Voilà Bonaparte en route vers le Sud, pour s'embarquer pour l'Egypte.
Marmont raconte:
Tout à coup la voiture, à une descente qu'elle parcourt rapidement, est arrêtée par un choc violent. Chacun se réveille en sursaut et se hâte de descendre de la berline, pour connaître la cause de l'accident. Une forte branche d'arbre, avançant sur la route, avait barré le chemin de la voiture. Or, à dix pas de là, en bas de la descente, un pont placé sur un torrent qu'il fallait traverser s'était écroulé la veille. Personne n'en savait rien, et la voiture allait infailliblement tomber dans l'abîme, quand la branche d'arbre la retint au bord du précipice: " Ne semble-t-il pas, ajoute Marmont, voir la main manifeste de la Providence? N'est-il pas permis à Bonaparte de croire qu'elle veille sur lui? Et sans cette branche d'arbre, si singulièrement placée et assez forte pour résister, que serait devenu le conquérant de l'Égypte, le conquérant de l'Europe, celui dont, pendant quinze ans, la puissance s'exerça sur la surface du monde? » A quoi tiennent les destinées des mortels ? Devant la Providence, les plus grands hommes sont-ils autre chose que des pygmées?
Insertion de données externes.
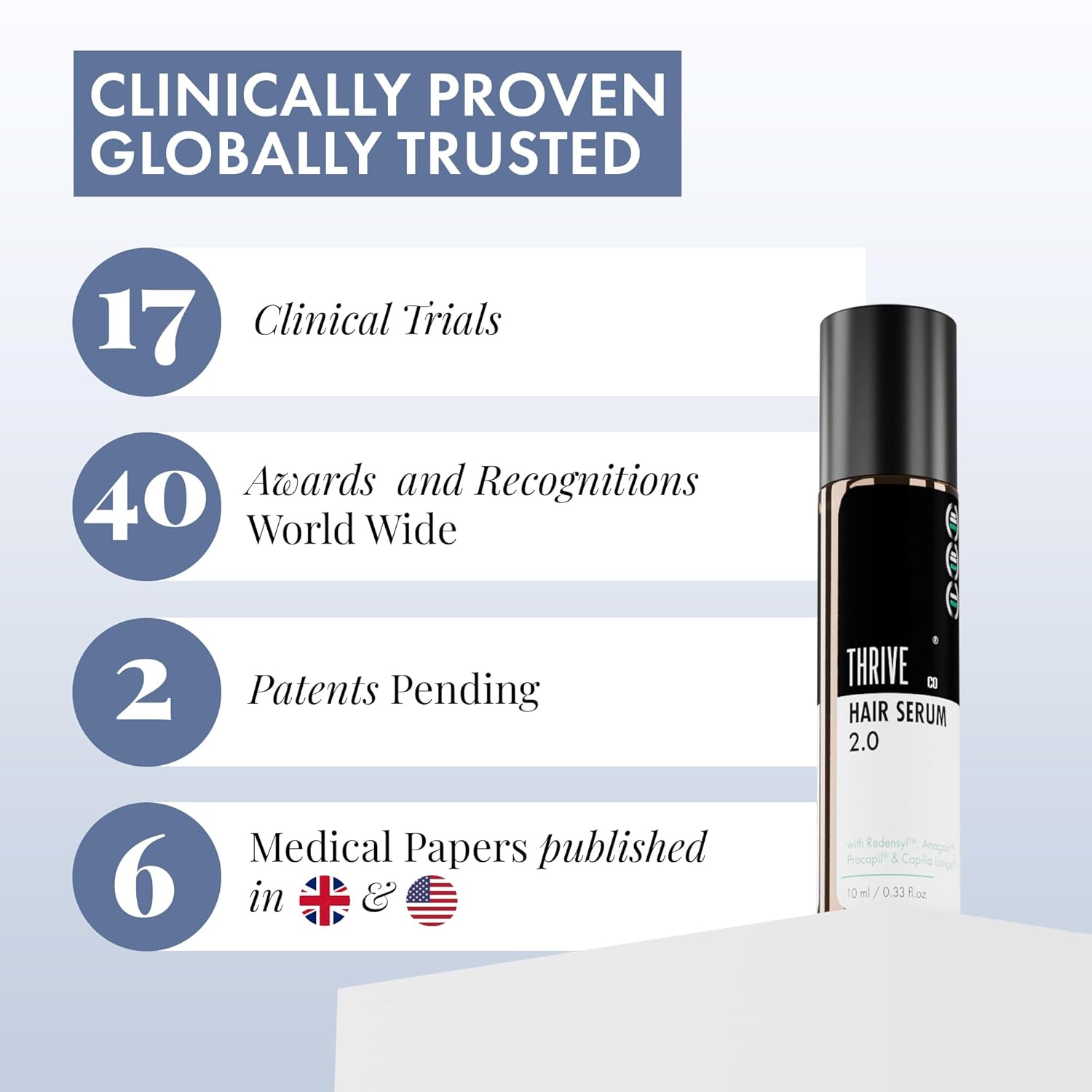 NO CLAIMS. ONLY EVIDENCE. With ThriveCo’s Bestseller Hair Growth Serum 2.0, witness Clinically-Proven 150% IMPROVEMENT IN HAIR GROWTH in just 8 weeks, in addition to measurable improvements in Hair Density, Hair Fall Control and Hair Thickness. The pathbreaking results have been recognized and published by the international Journal of Cosmetic Dermatology.

Que la branche d'arbre eût été un peu moins résistante, c'en était fait de Napoléon: pas de bataille des Pyramides, pas de 18 brumaire, pas de Consulat, pas d'Empire, pas de sacre, pas d'Austerlitz, pas de Waterloo. Aurait-il été heureux pour Napoléon de mourir à vingt-neuf ans, avant ces plus grandes gloires, mais aussi avant ses malheurs?...
Extrait de "La citoyenne Bonaparte", de Imbert de Saint-Amant, p 204.